**Task details**
All the entries need to be quoted exactly, apart from the pictures, which you should drop.

*** Record excerpts ***

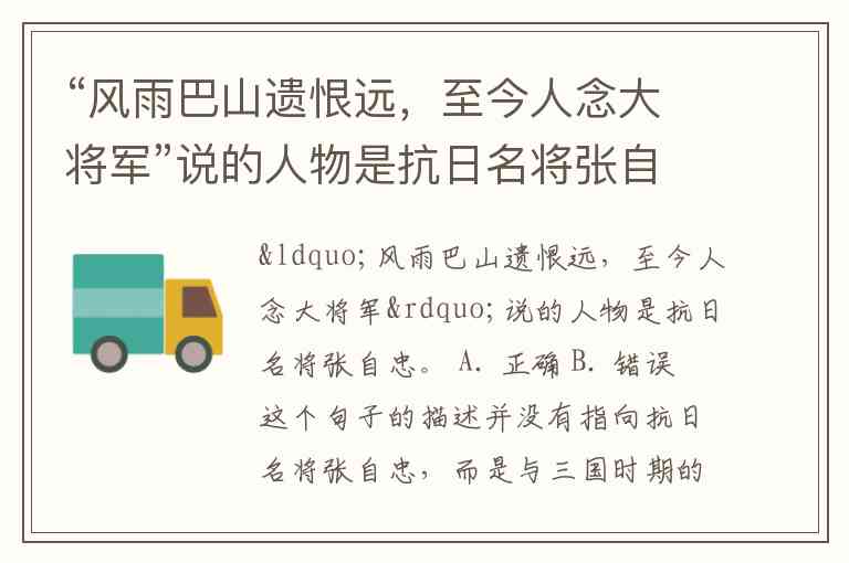 “风雨巴山遗恨远,至今人念大将军”说的人物是抗日名将张自忠。 A. 正确 B. 错误
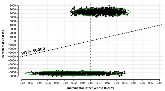 Incremental cost-effectiveness plane obtained through probabilistic sensitivity analysis with 10,000 model simulations for each comparison. Upper cluster, q12 surveillance strategy vs. q6/q12 strategy; lower cluster, q3/q12 strategy vs. q6/q12 strategy. QALY, quality-adjusted life year; WTP, willingness-to-pay.
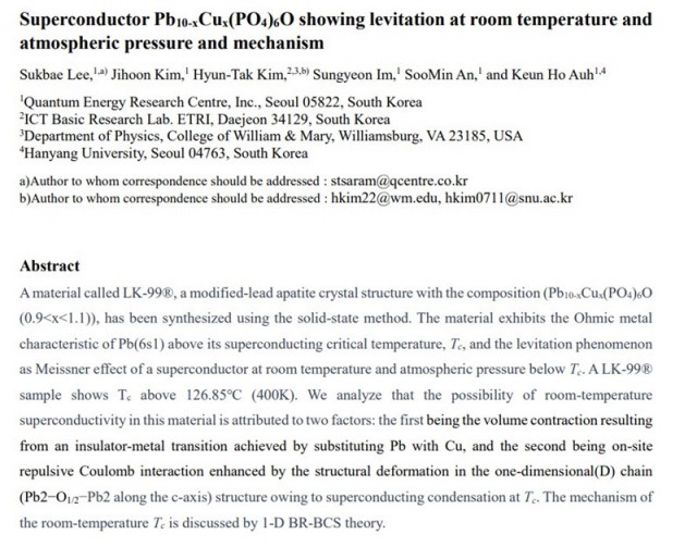 近期韩国的一个研究小组发表了一篇论文,宣称实现了临界温度超过400K(126.85℃)的常压室温超导,文中将这种“超导材料”称为LK-99。这一论文一经发布就在业内外引发了热烈讨论,毕竟一般来说,“超导”的条件一般十分苛刻。比如一些材料需要把环境温度降低到零下一百多度才能表现出超导的特性。
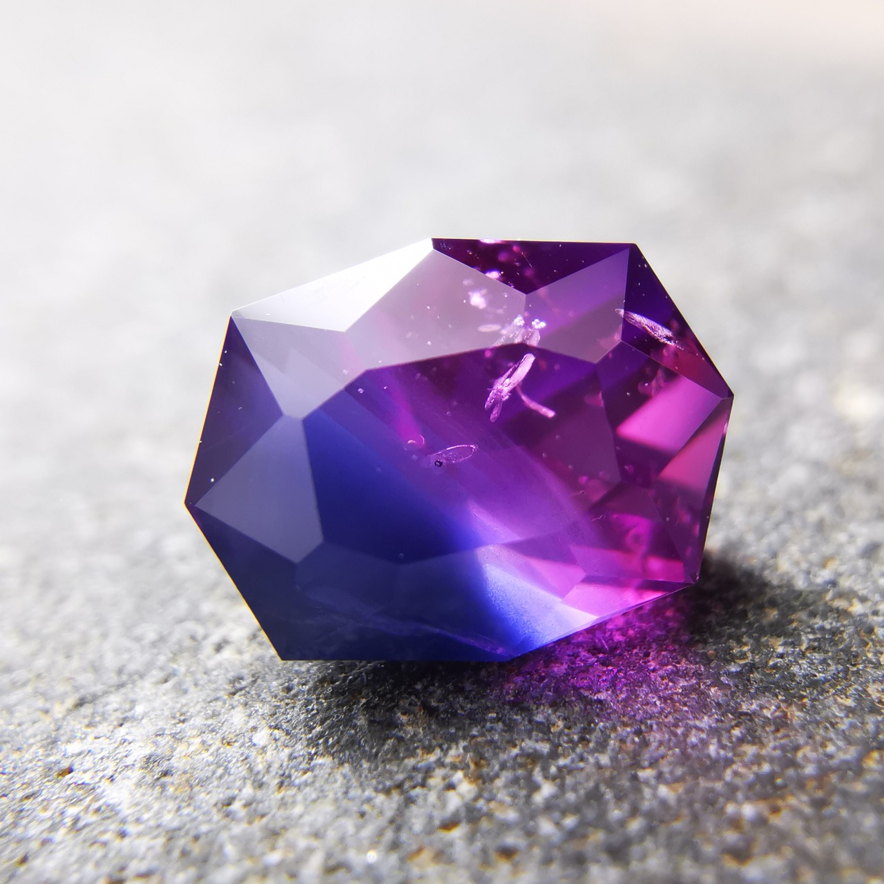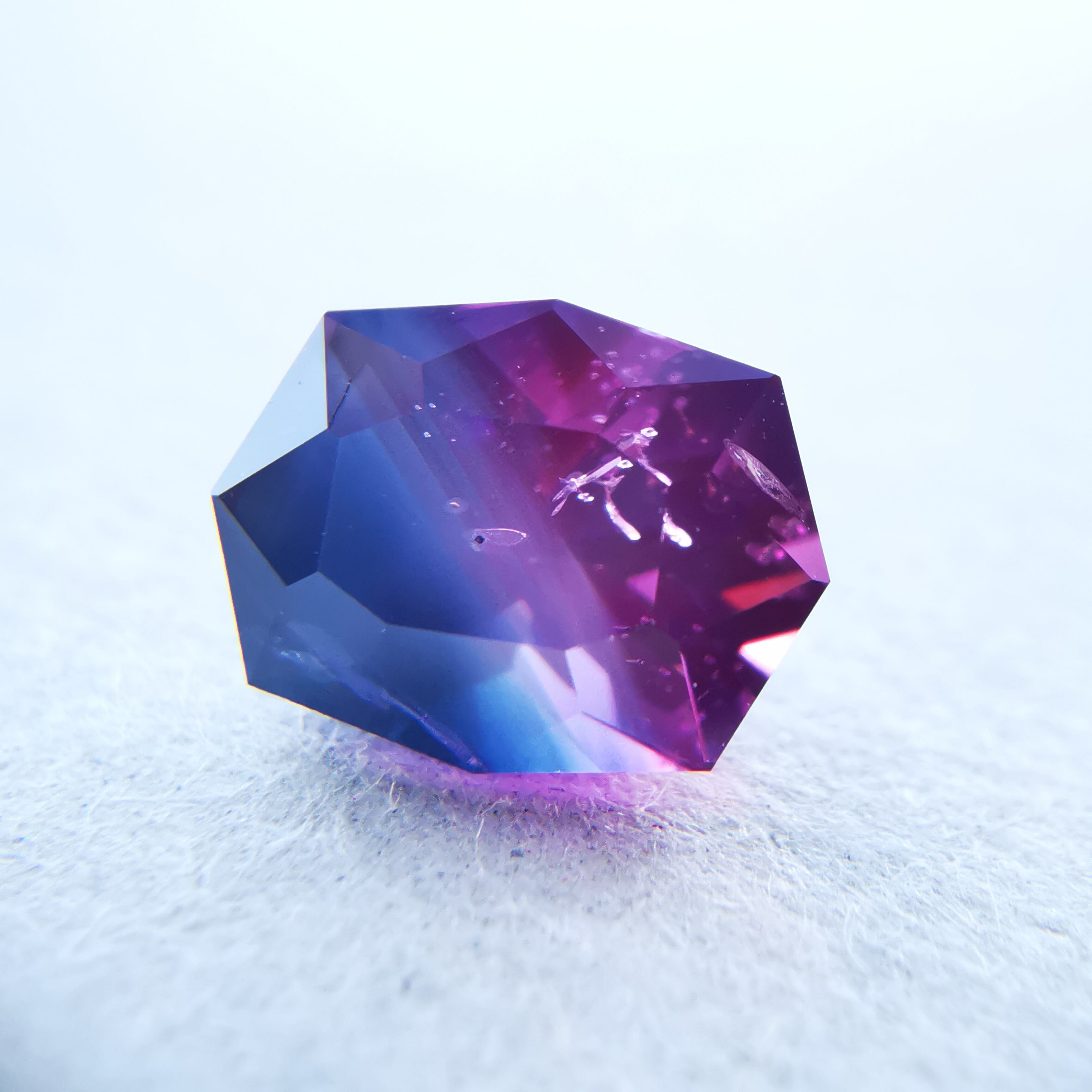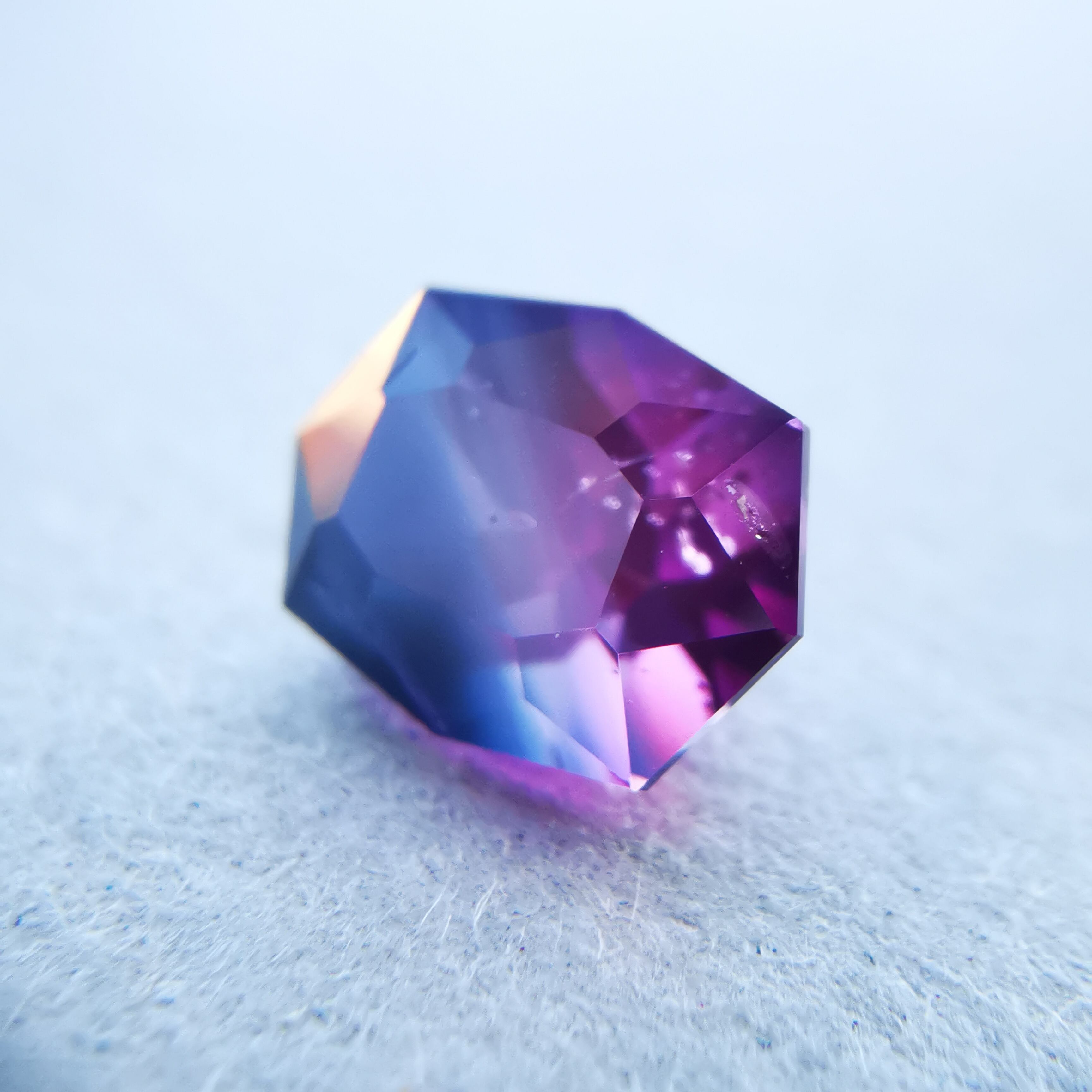 ピンク、パープル、シルキーブルーのグラデーションが美しい、バイカラーサファイアです。
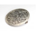 broșă decorată cu scenă inspirată din mitoligia mayașă, ilustrând un șaman practicant al cultului zeului Tlaloc, Zeul ploii și al fertilității, simbolizat de un șapre cu două capete
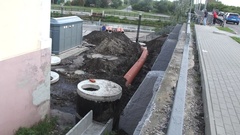 Сейчас эти недостатки устраняются. Мы побывали на набережной в среду. На её окраине, примыкающей к мосту по улице Октябрьской, кипела работа по обустройству системы стока с возвышенной части в реку.
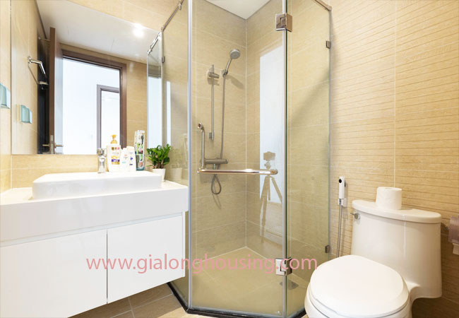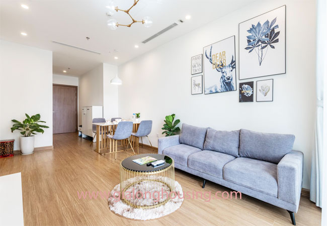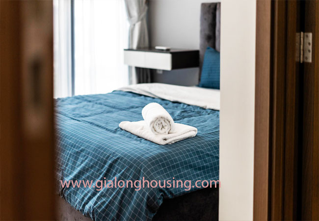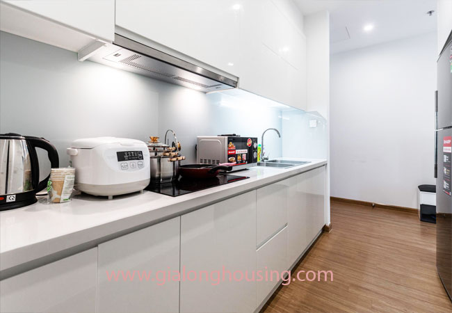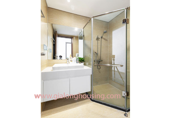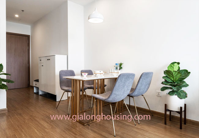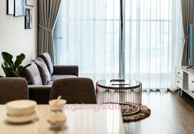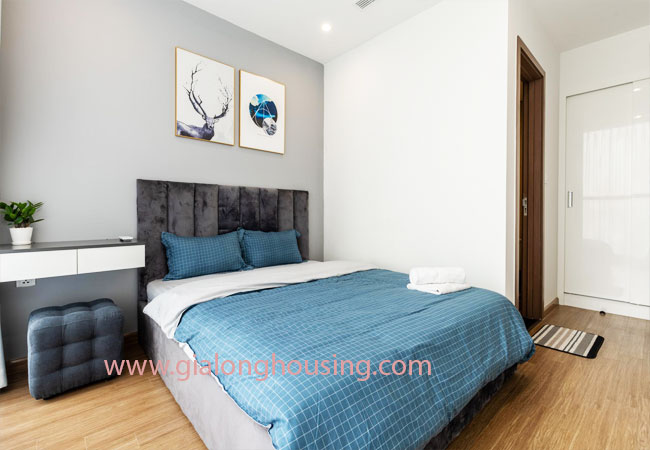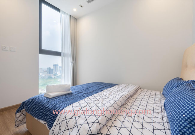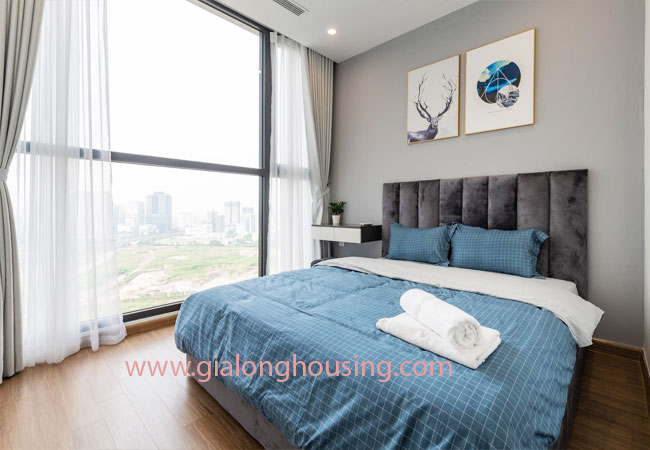 Apartment for rent in Vinhomes Skylake Pham Hung. The apartment is located on high floor of S3 Tower. It has 80 sqm of living area with modern design, composed into 02 bedrooms, 02 bathrooms, a spacious living room combined with dining area, open kitchen, nice balcony. This stunning 02 bedrooms apartment with amazing view of Ha Noi and the Lake. It’s full with natural light and fresh coming from balcony. The apartment is well decorated with modern style furniture.
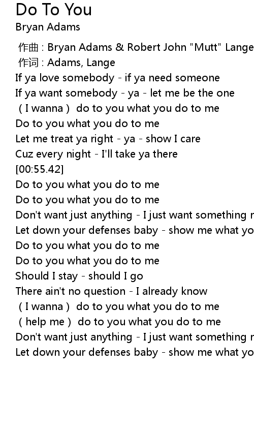 | [01:46.77] | (I wanna) do to you what you do to me |
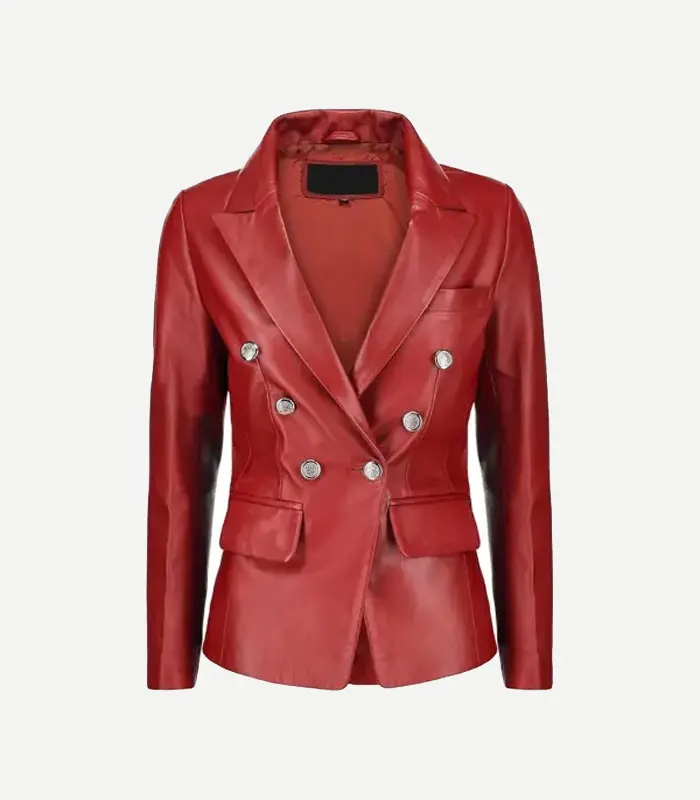 Be the first to review “Womens Double Breasted Red Leather Blazer” Cancel reply

***

**Answer area**
 “风雨巴山遗恨远,至今人念大将军”说的人物是抗日名将张自忠。 A. 正确 B. 错误
 Incremental cost-effectiveness plane obtained through probabilistic sensitivity analysis with 10,000 model simulations for each comparison. Upper cluster, q12 surveillance strategy vs. q6/q12 strategy; lower cluster, q3/q12 strategy vs. q6/q12 strategy. QALY, quality-adjusted life year; WTP, willingness-to-pay.
 近期韩国的一个研究小组发表了一篇论文,宣称实现了临界温度超过400K(126.85℃)的常压室温超导,文中将这种“超导材料”称为LK-99。这一论文一经发布就在业内外引发了热烈讨论,毕竟一般来说,“超导”的条件一般十分苛刻。比如一些材料需要把环境温度降低到零下一百多度才能表现出超导的特性。
 ピンク、パープル、シルキーブルーのグラデーションが美しい、バイカラーサファイアです。
 broșă decorată cu scenă inspirată din mitoligia mayașă, ilustrând un șaman practicant al cultului zeului Tlaloc, Zeul ploii și al fertilității, simbolizat de un șapre cu două capete
 Сейчас эти недостатки устраняются. Мы побывали на набережной в среду. На её окраине, примыкающей к мосту по улице Октябрьской, кипела работа по обустройству системы стока с возвышенной части в реку.
 Apartment for rent in Vinhomes Skylake Pham Hung. The apartment is located on high floor of S3 Tower. It has 80 sqm of living area with modern design, composed into 02 bedrooms, 02 bathrooms, a spacious living room combined with dining area, open kitchen, nice balcony. This stunning 02 bedrooms apartment with amazing view of Ha Noi and the Lake. It’s full with natural light and fresh coming from balcony. The apartment is well decorated with modern style furniture.
 | [01:46.77] | (I wanna) do to you what you do to me |
 Be the first to review “Womens Double Breasted Red Leather Blazer” Cancel reply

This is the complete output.